_Task goal_.
In the entries below, begin at the line that has "Quale è la differenza" and stop after the line that has "1月27日(火)【天ら部】ゴスペル無料体験レッスン"; output those lines exactly, leaving out pictures.

The input START

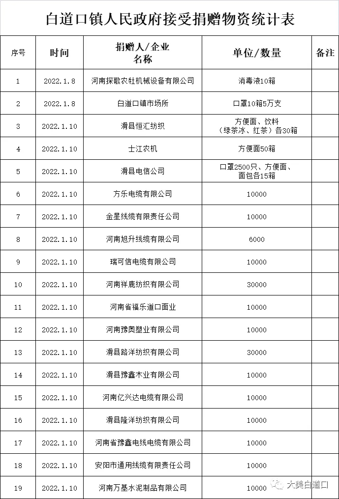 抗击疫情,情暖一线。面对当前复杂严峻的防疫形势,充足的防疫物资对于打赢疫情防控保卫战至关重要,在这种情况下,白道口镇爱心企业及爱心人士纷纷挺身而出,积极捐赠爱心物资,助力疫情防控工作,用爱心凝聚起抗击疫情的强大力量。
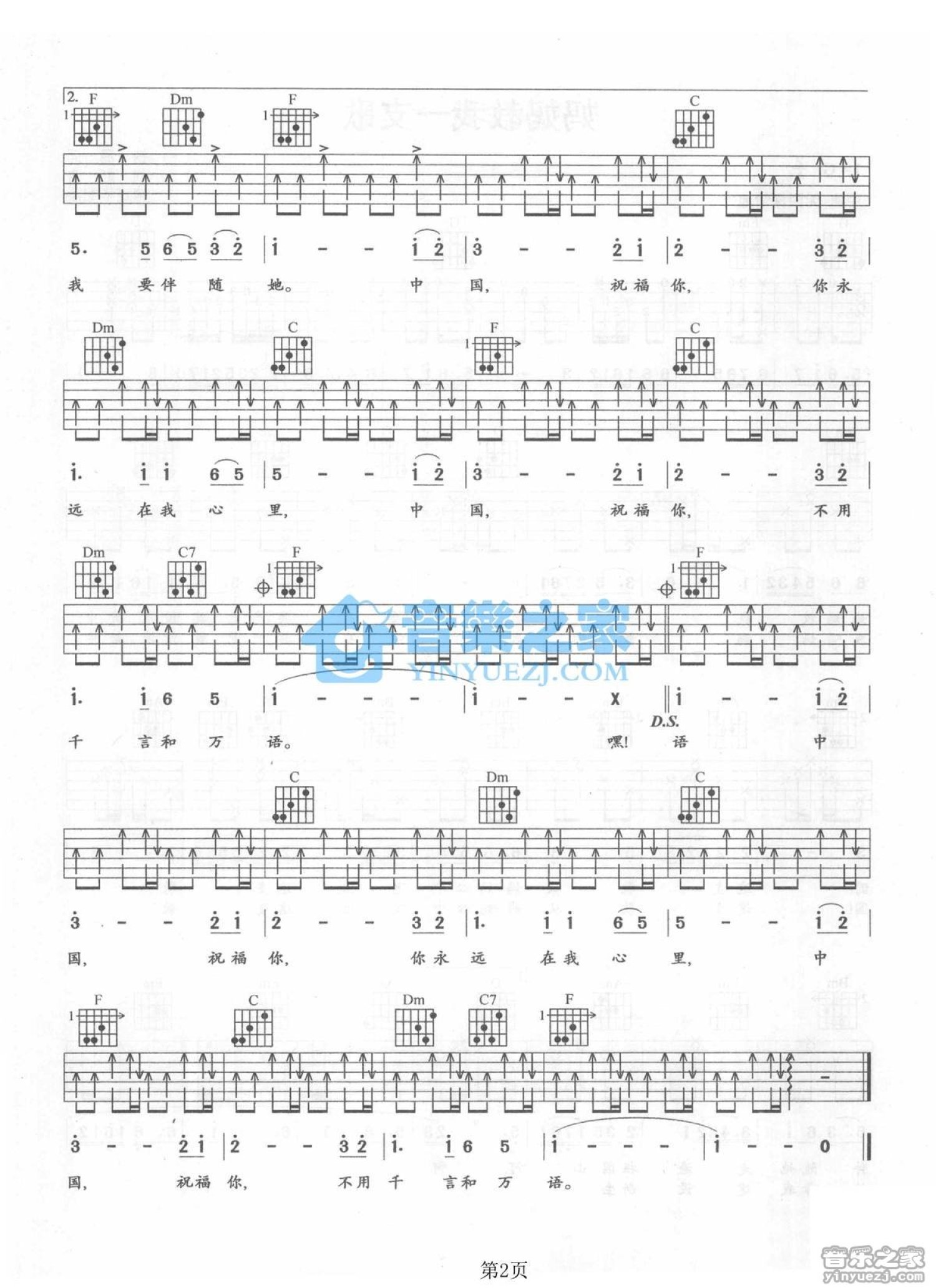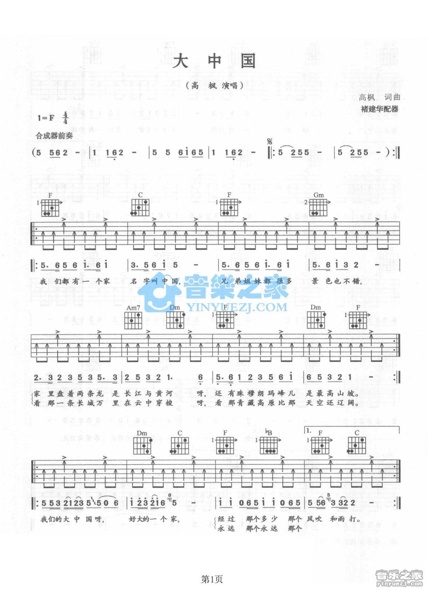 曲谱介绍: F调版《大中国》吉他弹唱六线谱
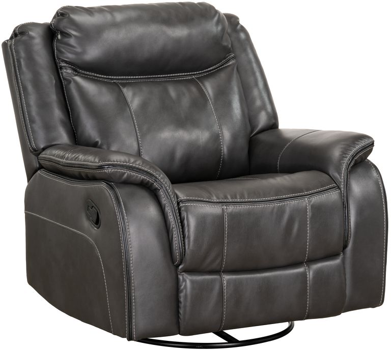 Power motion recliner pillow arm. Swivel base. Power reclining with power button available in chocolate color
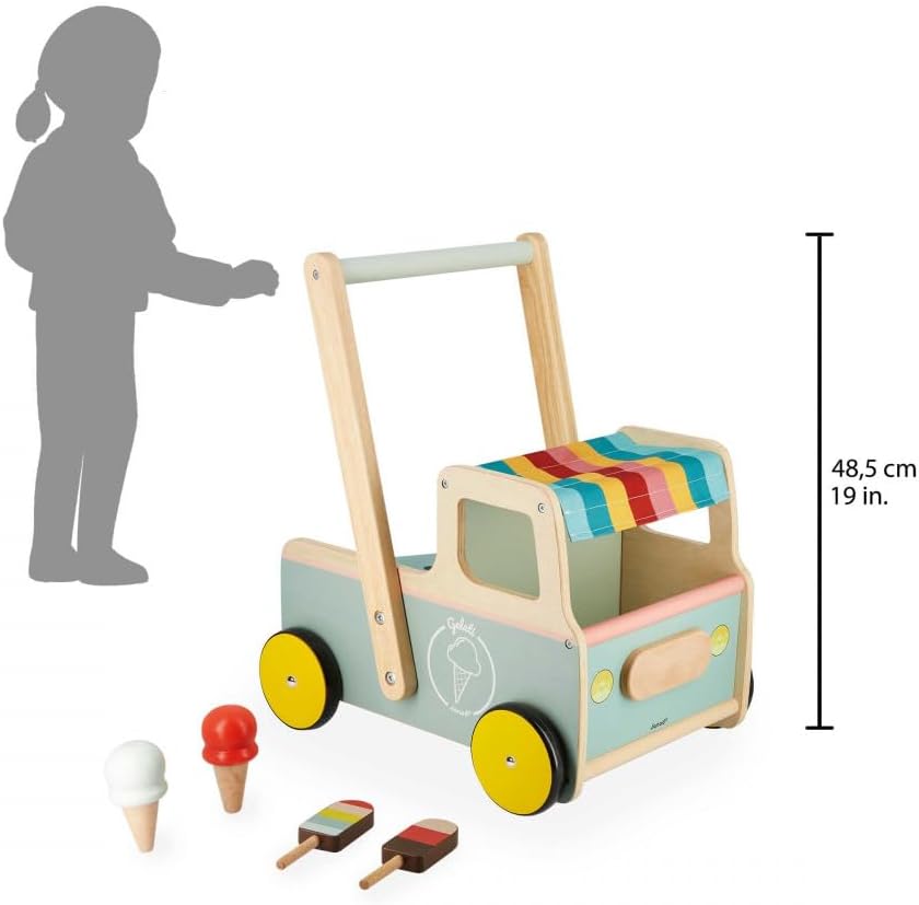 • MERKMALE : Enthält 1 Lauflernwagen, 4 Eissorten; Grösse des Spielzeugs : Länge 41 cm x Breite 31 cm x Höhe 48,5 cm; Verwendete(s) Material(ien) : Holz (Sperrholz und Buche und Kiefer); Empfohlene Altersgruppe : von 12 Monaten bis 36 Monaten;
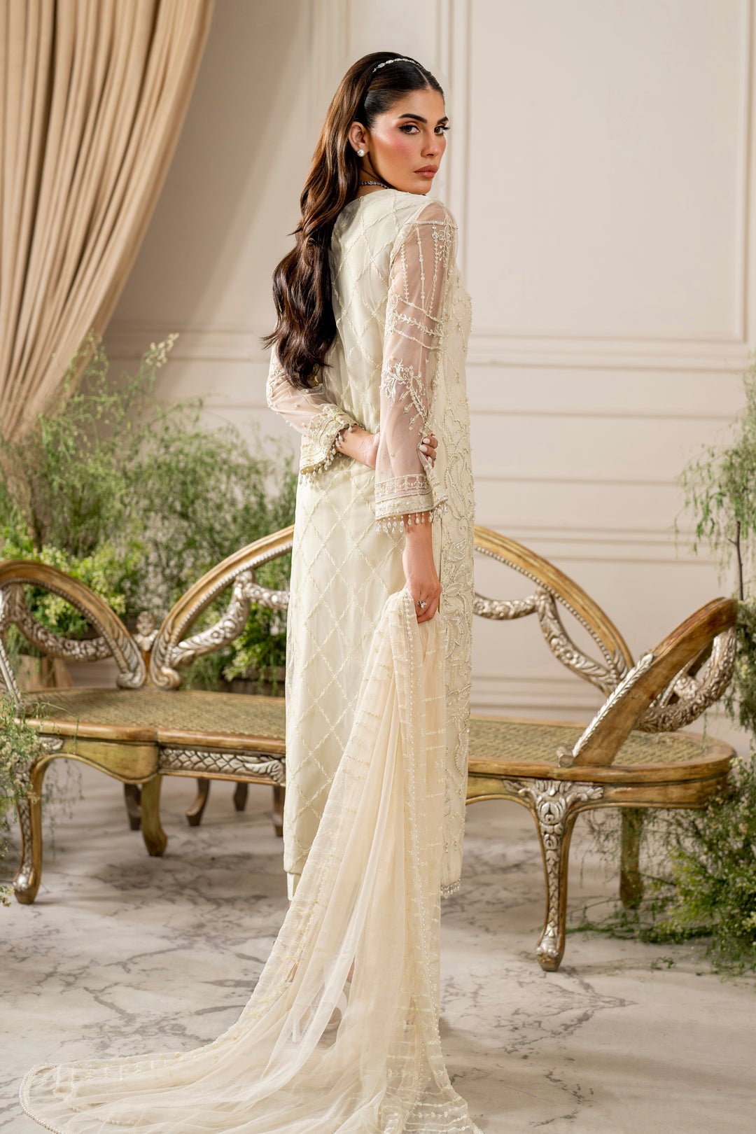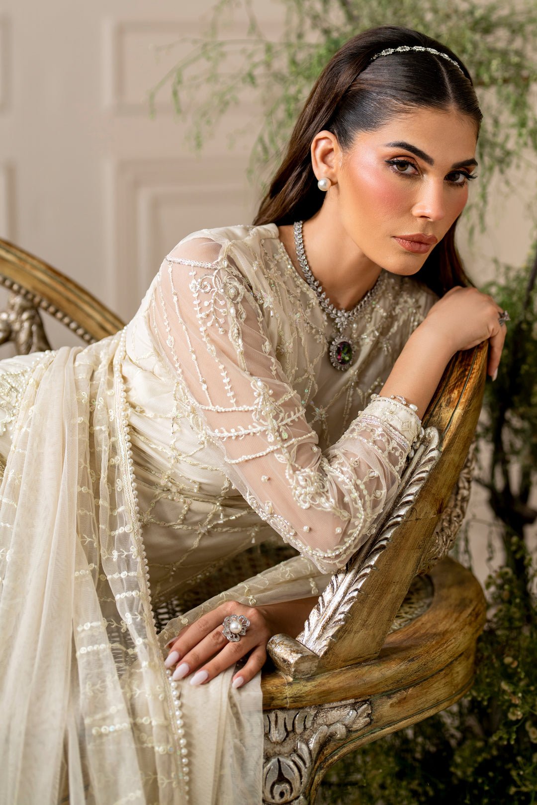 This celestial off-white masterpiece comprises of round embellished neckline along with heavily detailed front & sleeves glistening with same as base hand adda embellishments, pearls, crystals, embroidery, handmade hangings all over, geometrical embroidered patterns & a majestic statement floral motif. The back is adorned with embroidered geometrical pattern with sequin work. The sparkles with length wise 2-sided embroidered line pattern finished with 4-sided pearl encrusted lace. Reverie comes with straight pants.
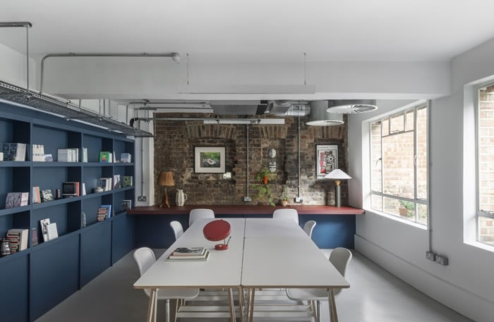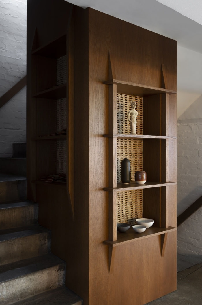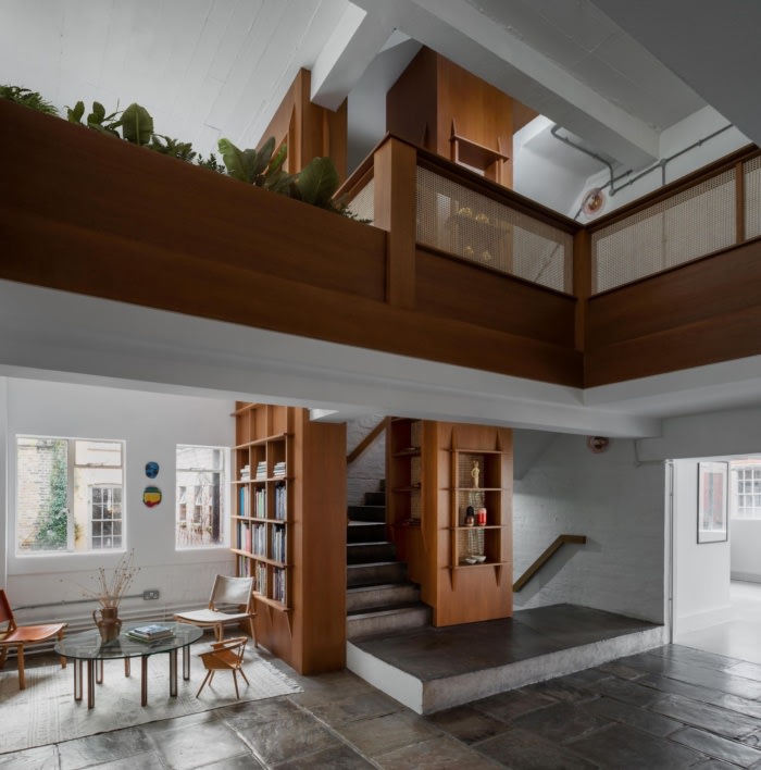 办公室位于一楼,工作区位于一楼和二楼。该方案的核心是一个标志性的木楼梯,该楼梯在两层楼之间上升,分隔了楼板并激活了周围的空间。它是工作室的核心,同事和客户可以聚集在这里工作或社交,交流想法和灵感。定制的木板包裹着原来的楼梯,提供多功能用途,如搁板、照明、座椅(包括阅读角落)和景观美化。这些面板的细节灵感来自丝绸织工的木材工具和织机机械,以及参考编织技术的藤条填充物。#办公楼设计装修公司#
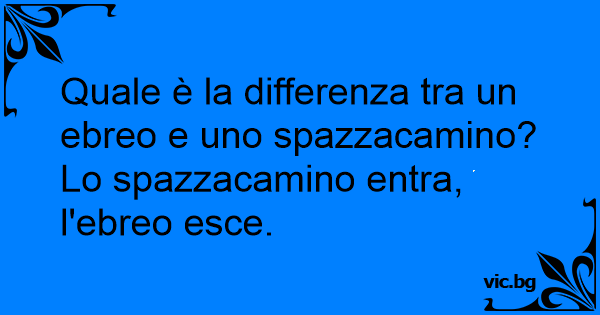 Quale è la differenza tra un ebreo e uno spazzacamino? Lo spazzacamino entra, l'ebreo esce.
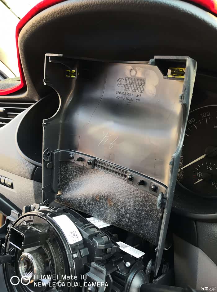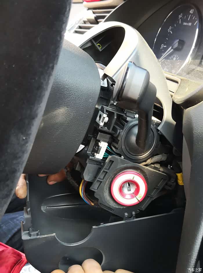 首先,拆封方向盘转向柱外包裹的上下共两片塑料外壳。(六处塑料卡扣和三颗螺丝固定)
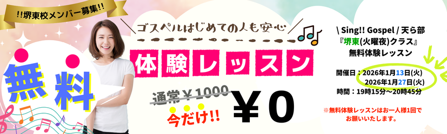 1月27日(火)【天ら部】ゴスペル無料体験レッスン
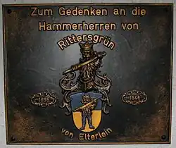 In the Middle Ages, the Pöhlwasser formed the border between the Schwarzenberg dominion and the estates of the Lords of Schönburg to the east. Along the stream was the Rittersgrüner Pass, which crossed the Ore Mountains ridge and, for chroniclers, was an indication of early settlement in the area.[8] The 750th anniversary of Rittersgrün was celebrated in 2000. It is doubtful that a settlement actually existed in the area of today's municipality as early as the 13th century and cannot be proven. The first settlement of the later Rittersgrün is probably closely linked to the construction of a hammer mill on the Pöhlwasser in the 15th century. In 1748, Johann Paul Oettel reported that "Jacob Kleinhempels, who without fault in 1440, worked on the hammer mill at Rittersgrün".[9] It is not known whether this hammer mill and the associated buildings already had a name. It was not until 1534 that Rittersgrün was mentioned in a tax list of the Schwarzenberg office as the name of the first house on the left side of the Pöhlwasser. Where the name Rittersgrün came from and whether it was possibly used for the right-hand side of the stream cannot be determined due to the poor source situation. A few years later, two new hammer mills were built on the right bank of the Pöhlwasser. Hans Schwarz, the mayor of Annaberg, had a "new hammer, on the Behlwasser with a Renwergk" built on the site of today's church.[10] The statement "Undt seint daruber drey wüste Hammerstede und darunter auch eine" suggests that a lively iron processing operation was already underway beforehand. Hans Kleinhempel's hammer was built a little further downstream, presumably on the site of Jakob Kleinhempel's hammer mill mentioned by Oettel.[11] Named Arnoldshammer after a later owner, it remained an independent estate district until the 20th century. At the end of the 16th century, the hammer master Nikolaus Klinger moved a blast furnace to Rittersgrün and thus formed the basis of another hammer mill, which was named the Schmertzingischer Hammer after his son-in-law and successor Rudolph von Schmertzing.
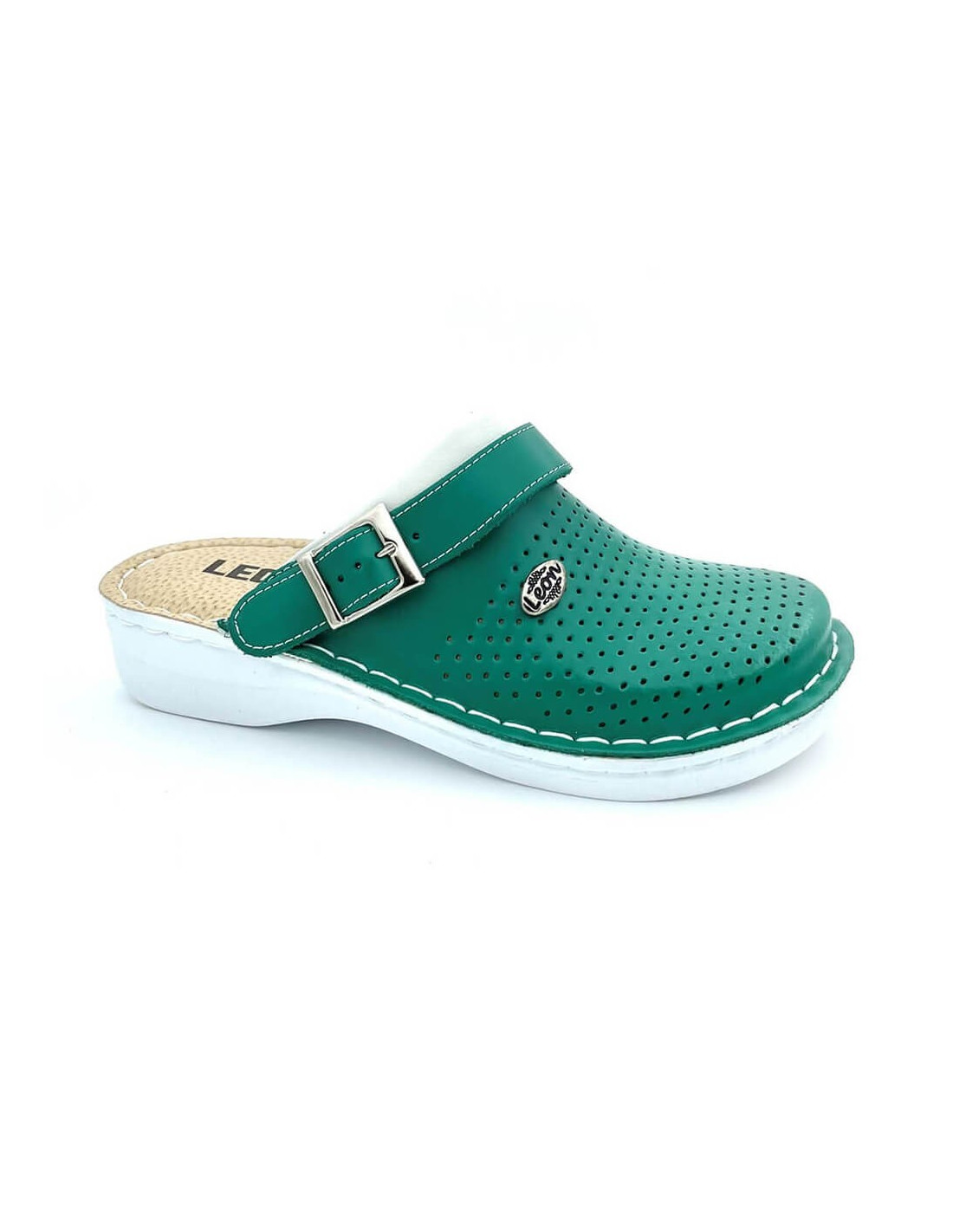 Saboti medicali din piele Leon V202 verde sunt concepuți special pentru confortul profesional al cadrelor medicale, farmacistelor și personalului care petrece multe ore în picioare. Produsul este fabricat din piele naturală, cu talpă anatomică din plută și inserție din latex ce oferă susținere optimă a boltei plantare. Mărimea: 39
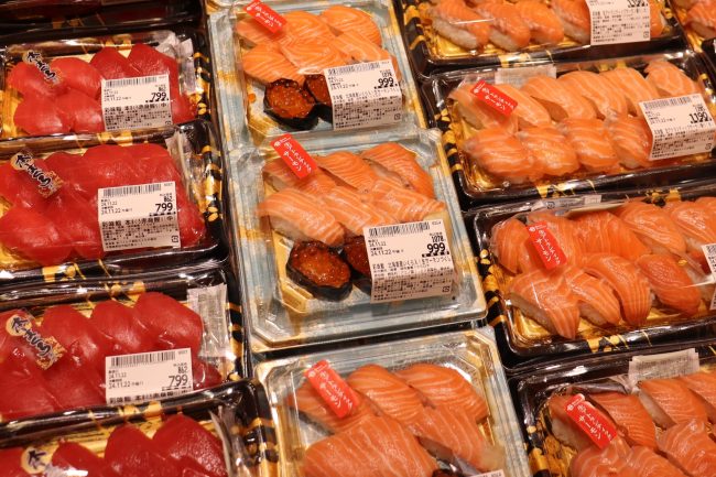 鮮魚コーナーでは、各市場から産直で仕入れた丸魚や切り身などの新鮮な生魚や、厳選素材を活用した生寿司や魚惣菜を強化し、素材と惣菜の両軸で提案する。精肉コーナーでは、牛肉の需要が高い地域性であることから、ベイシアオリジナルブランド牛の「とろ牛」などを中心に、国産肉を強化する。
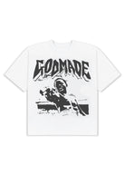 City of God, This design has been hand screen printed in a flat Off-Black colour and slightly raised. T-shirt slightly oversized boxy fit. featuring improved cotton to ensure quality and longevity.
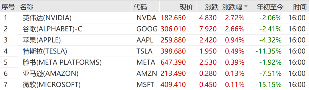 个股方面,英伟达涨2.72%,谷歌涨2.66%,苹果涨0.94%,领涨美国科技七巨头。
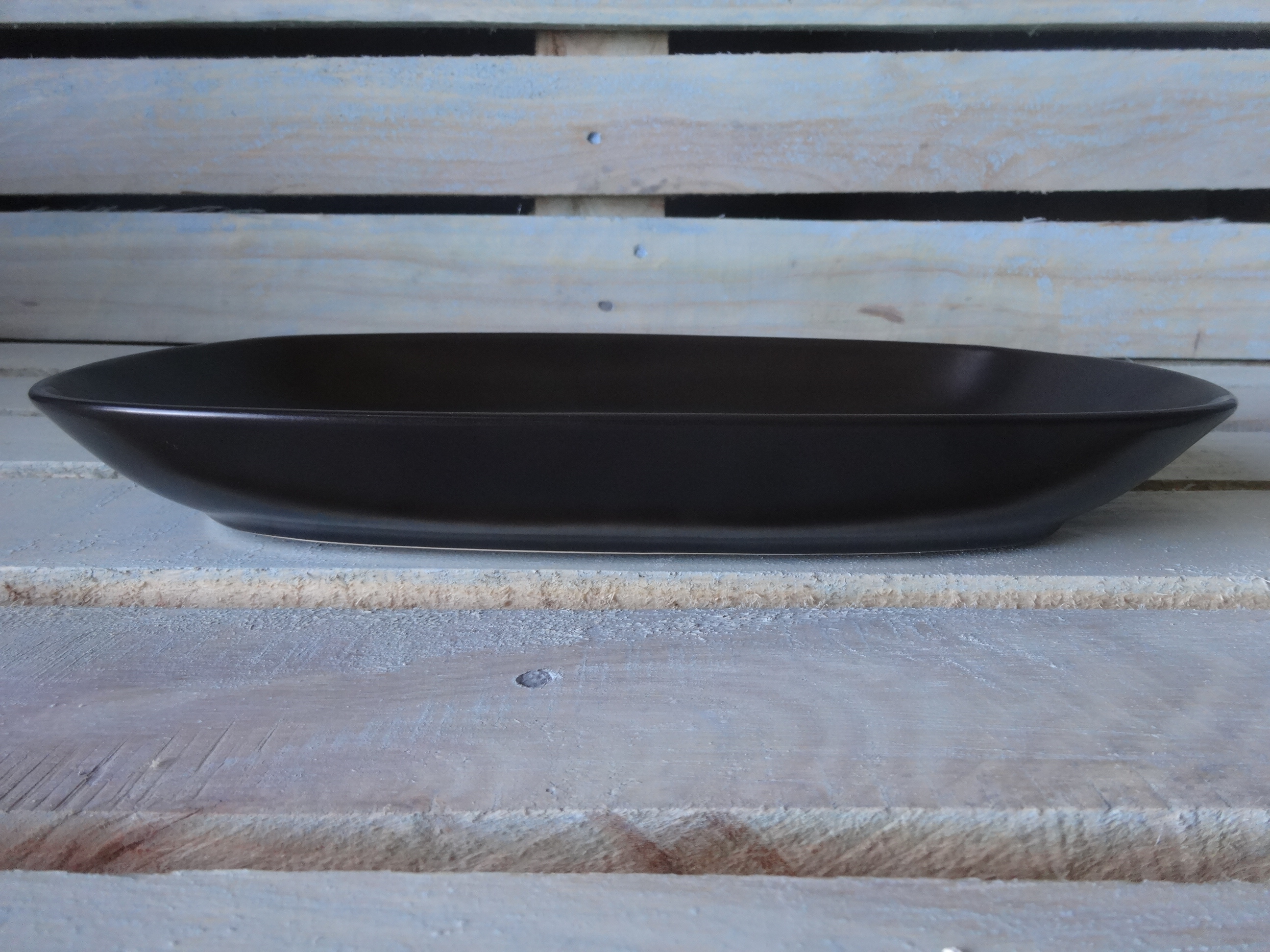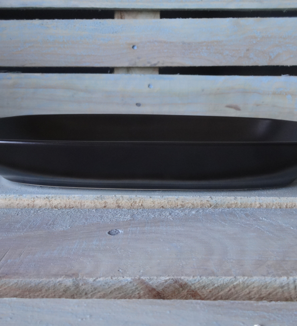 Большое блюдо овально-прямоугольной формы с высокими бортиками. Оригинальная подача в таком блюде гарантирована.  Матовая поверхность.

The input END

_Answer to the problem_.
 Quale è la differenza tra un ebreo e uno spazzacamino? Lo spazzacamino entra, l'ebreo esce.
 首先,拆封方向盘转向柱外包裹的上下共两片塑料外壳。(六处塑料卡扣和三颗螺丝固定)
 1月27日(火)【天ら部】ゴスペル無料体験レッスン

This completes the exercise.